Content starts

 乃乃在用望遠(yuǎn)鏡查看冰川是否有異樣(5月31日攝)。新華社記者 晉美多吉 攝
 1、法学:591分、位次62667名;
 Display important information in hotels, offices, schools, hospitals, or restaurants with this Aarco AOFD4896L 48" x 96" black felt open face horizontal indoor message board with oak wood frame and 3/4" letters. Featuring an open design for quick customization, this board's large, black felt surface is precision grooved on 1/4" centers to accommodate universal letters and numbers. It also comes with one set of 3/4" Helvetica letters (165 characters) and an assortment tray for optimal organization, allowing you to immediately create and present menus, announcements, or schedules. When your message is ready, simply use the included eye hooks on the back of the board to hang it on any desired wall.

Content ends
Content starts

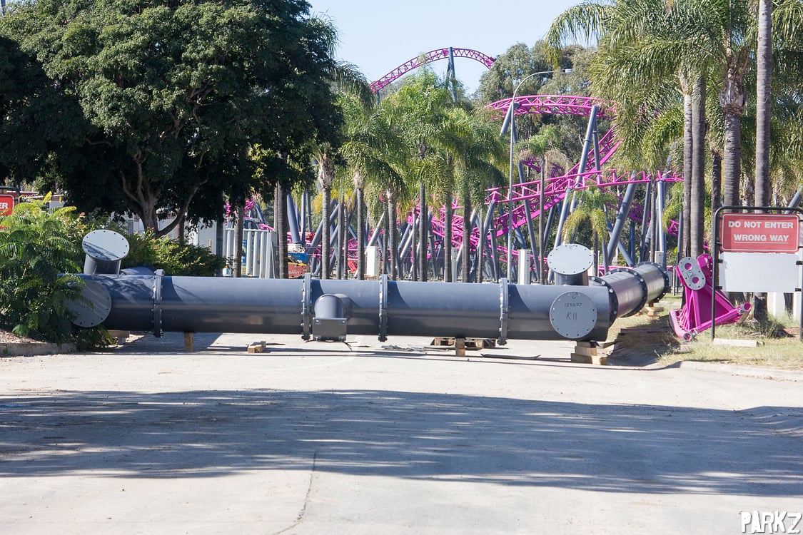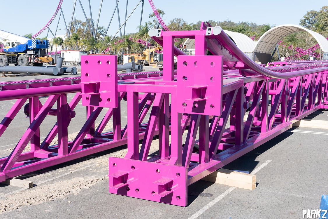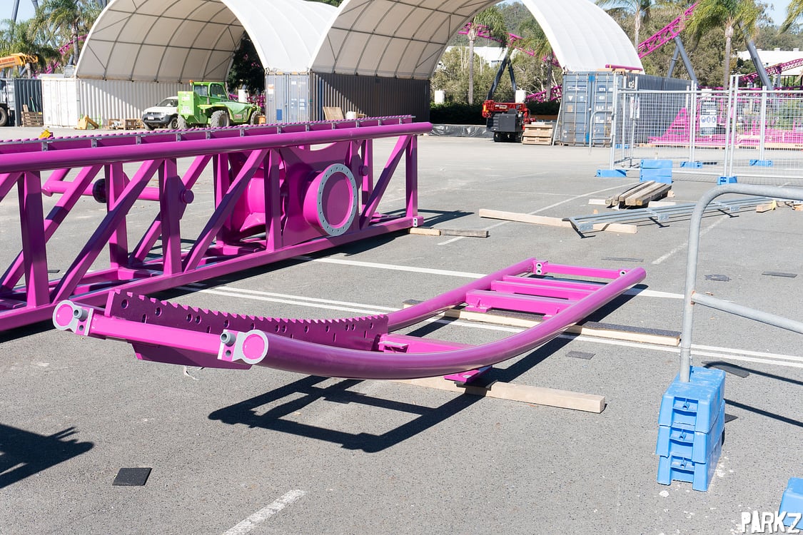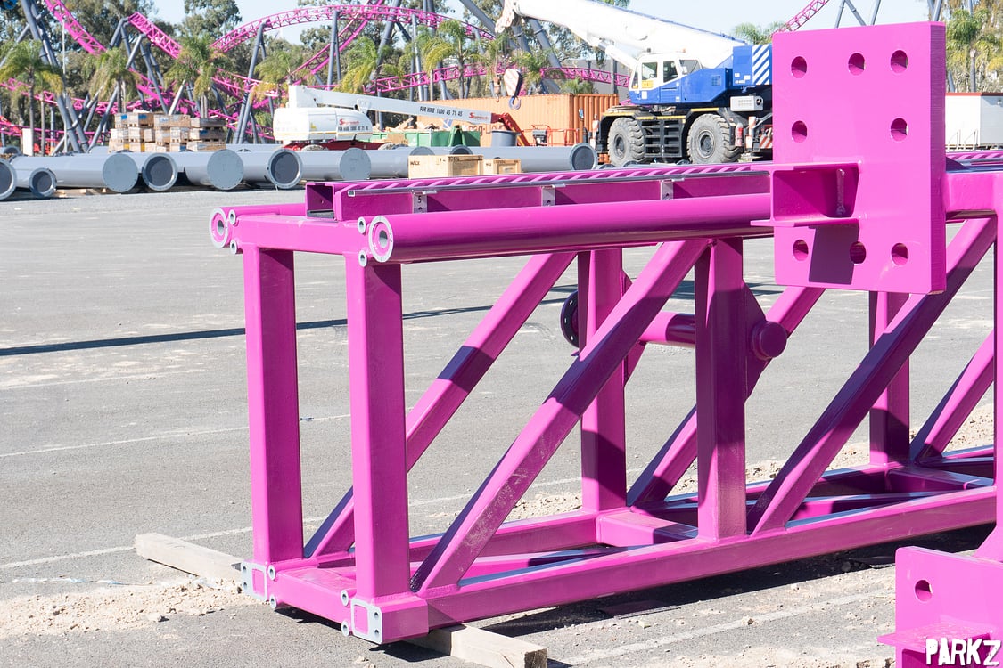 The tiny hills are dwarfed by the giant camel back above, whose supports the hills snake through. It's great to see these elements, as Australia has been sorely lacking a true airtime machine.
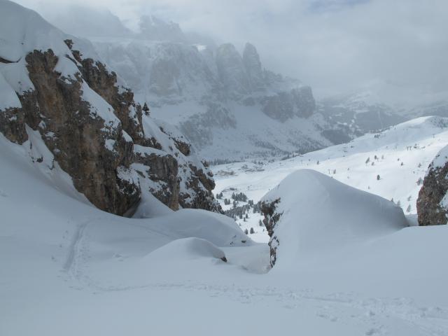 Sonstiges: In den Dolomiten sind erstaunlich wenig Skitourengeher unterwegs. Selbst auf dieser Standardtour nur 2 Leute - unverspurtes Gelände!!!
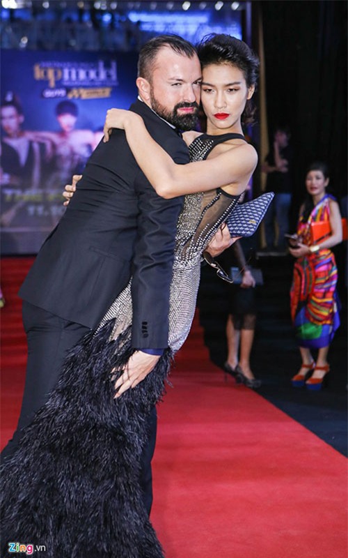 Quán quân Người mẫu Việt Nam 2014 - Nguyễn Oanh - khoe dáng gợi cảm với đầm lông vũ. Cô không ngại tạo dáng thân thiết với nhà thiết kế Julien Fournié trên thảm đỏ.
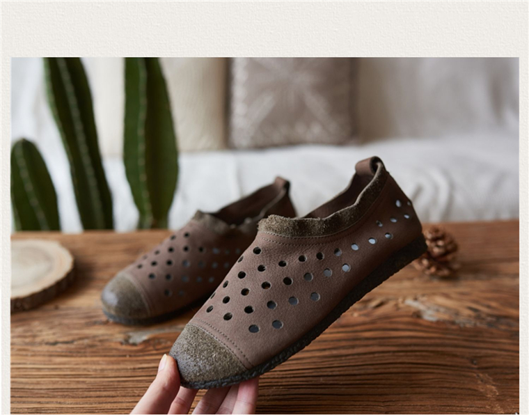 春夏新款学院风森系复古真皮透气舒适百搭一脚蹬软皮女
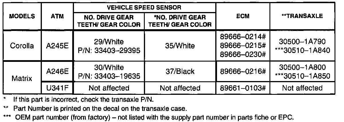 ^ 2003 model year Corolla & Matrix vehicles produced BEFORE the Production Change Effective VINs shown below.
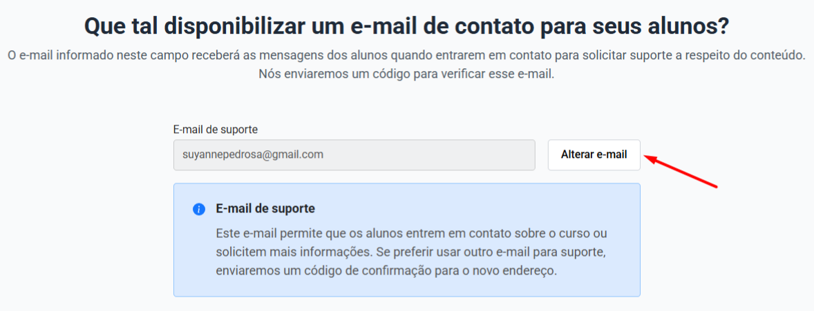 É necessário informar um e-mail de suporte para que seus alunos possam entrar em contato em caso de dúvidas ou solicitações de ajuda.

Content ends

**Exercise description**:
Only one part of the material above is wanted: the lines from the one with "VINs shown below." up to and including the one with "É necessário informar". Please copy them exactly, pictures left out.

**Answer section**:
 ^ 2003 model year Corolla & Matrix vehicles produced BEFORE the Production Change Effective VINs shown below.
 É necessário informar um e-mail de suporte para que seus alunos possam entrar em contato em caso de dúvidas ou solicitações de ajuda.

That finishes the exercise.